6. How has the process of learning how to start a company been for you?
Amber Yang: When I incorporated the company, I actually signed on with a lawyer firm here in Palo Alto and they’ve actually taken care of all the incorporation details for me and I think especially when you are a young founder, take advantage of the opportunity that you're young and that a lot of people are more willing to help you just because they know you have a lot in your future.
Honestly, when you are trying to learn the basics of starting a company, making connections is probably the single most important thing you can do, not only with lawyers or VC’s, but actually with other young founders. For example, I got to meet a lot of people from the Thiel Fellowship group and I think talking to them and asking them questions about the founding process has been really helpful for me.
At this point, when I have a question or a concern, either asking someone or looking it up online and learning as you go through it has been my process. I think that's why, when you look at a lot of arguments about why founders should drop out, you realize that even if I were to go to business school and get an MBA degree, I wouldn’t be in the nitty-gritty works of actually starting a company and getting it off the ground because I think that's where you can actually learn a lot of stuff from.
7. One might think that tracking space debris should be the government’s job or responsibility — why should a private company be handling this?

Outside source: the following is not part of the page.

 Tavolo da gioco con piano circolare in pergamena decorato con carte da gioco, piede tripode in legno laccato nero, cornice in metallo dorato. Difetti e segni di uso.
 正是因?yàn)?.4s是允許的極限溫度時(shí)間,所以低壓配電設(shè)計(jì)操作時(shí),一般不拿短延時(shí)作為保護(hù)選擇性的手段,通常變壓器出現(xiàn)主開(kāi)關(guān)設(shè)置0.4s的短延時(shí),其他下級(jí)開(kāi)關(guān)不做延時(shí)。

Amber Yang: This has been a problem that the government has been dealing with essentially since the space race and I would say that increasingly, we are seeing space getting farther away from the government in a way and I think that a lot of times government technology development can be very slow and I think that the reason that we are seeing a lot of progress in space recently is because a lot of these technologies are being handled by private companies — SpaceX, for instance, has developed so much in the past couple of years and I really think its because the energy of startups is so much different from the government. People are very excited to do new things and I think that because of that you can see real tangible things and technologies come to fruition a lot quicker. I would say, for example, the government knows about what I’m doing but I don’t think they’ve been exploring the idea of using AI to track debris, I think they are sticking with their method. The importance for having a startup to handle these technologies is to keep coming up with these new ideas and then hopefully dealing with other private space industries just so we have our own type of ecosystem that keeps pushing out its own new developments.

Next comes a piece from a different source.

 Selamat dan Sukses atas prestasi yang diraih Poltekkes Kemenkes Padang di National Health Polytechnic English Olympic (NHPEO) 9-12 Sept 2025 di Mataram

8. How are you thinking about your company future for the next 6 months?
Amber Yang: My biggest goal is to finish development of the software so that I can demo it as a finalized product — that is my first and foremost priority. I think that a lot of times especially in Silicon Valley, you can get caught up between trying to raise money and getting customers before the project is completely finished and a lot of times people end up releasing bad beta versions but I think that for me, I really want to focus on getting the software and the technology to the best state possible just because I’m dealing in a very risky business –– predicting where things go into space is quite a big deal so I really want to finish development, make the software very professional and then probably within the next 6 months, hopefully get some customers to agree to buy a license after the development is completely finished. Between that time and now, I also plan bring on some people onto the team and potentially raise a small seed round.